*TASK ITEM*. Without copying any pictures, restate exactly the lines from the start of the records through the line containing "教科書に百人一首が出てきます。五色の札を使って、練習をしました。".

*SUPPLIED ENTRIES*.
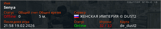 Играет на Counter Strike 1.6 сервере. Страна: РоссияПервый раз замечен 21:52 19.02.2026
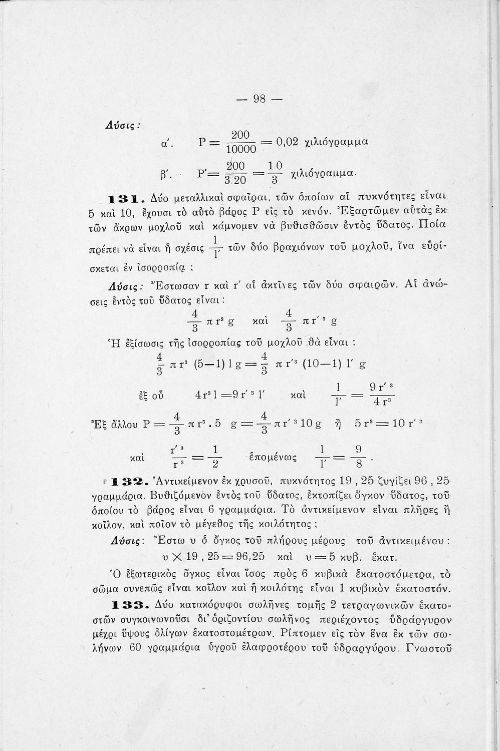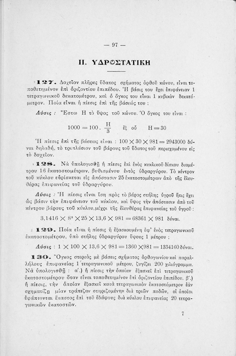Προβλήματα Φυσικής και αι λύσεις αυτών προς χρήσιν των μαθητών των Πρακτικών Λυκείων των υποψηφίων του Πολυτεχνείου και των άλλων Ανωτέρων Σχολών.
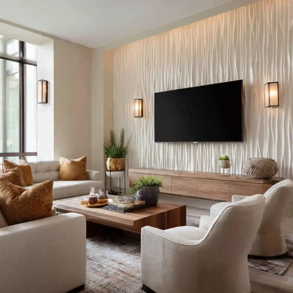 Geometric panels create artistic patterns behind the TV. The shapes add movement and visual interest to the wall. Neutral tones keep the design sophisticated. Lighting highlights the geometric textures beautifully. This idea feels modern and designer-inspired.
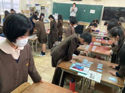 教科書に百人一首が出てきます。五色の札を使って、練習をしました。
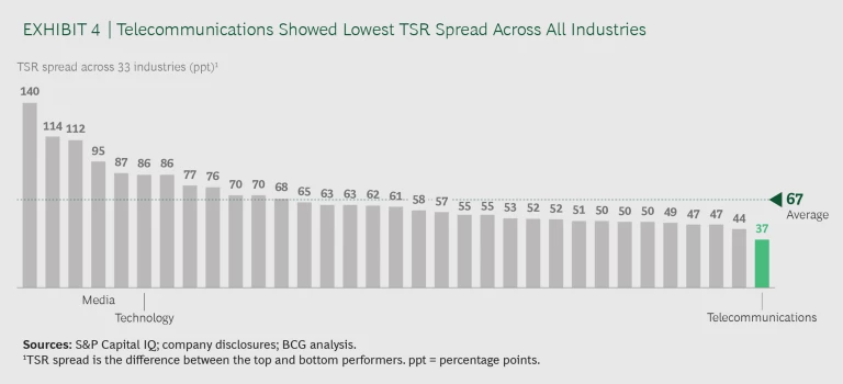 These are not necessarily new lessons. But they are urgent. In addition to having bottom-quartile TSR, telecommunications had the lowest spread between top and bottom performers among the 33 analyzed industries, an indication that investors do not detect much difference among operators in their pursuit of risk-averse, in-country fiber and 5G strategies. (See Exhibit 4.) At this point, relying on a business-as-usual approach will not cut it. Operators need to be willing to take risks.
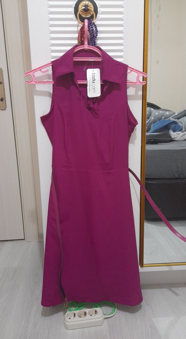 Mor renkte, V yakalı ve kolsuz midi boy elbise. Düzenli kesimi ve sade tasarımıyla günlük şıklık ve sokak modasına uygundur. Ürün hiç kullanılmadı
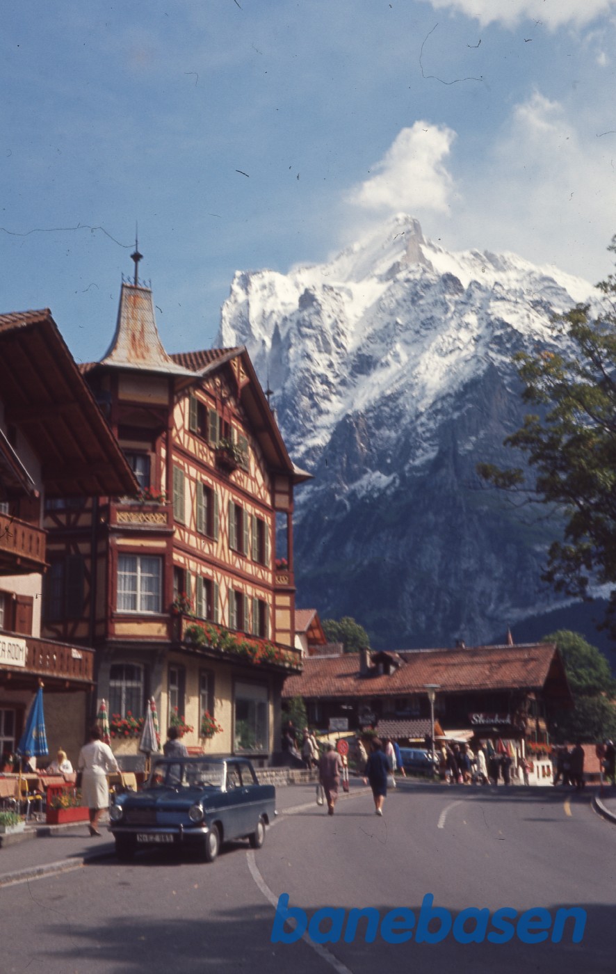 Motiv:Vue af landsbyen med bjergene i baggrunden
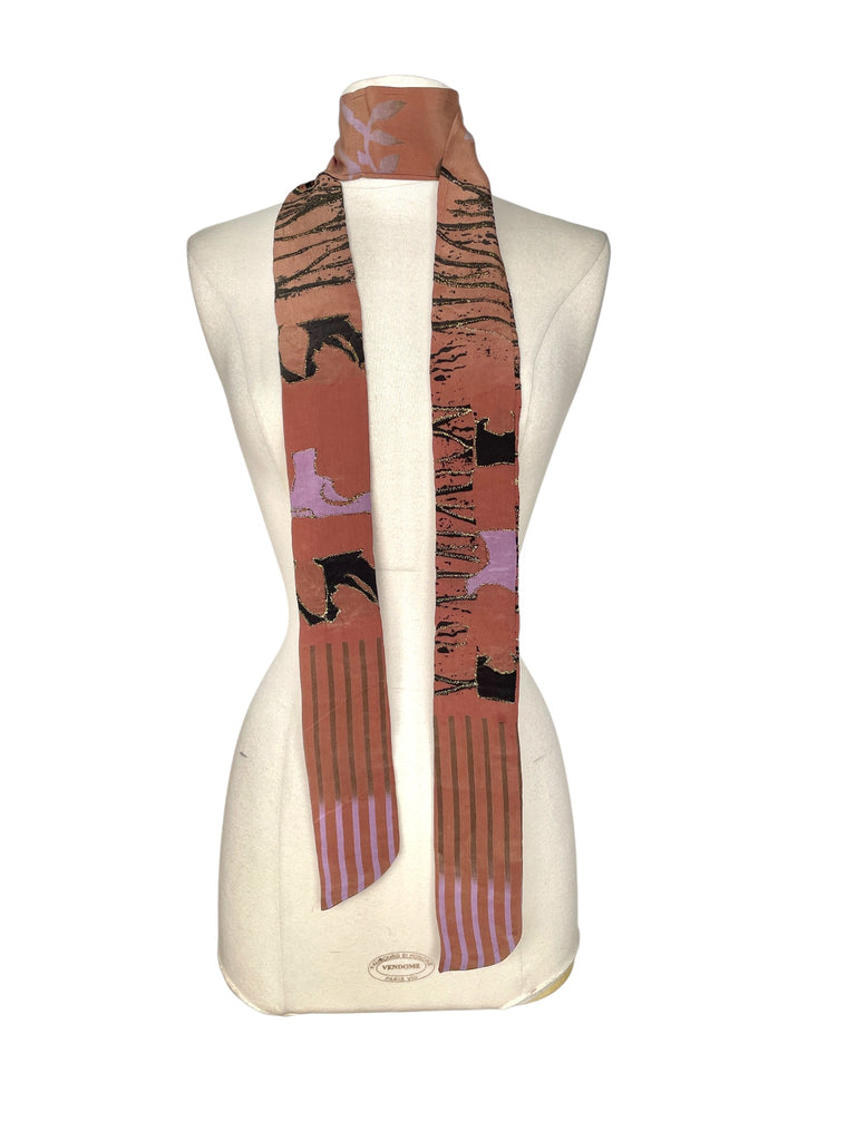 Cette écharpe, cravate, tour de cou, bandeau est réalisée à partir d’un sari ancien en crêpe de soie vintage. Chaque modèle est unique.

*TASK OUTPUT*.
 Играет на Counter Strike 1.6 сервере. Страна: РоссияПервый раз замечен 21:52 19.02.2026
Προβλήματα Φυσικής και αι λύσεις αυτών προς χρήσιν των μαθητών των Πρακτικών Λυκείων των υποψηφίων του Πολυτεχνείου και των άλλων Ανωτέρων Σχολών.
 Geometric panels create artistic patterns behind the TV. The shapes add movement and visual interest to the wall. Neutral tones keep the design sophisticated. Lighting highlights the geometric textures beautifully. This idea feels modern and designer-inspired.
 教科書に百人一首が出てきます。五色の札を使って、練習をしました。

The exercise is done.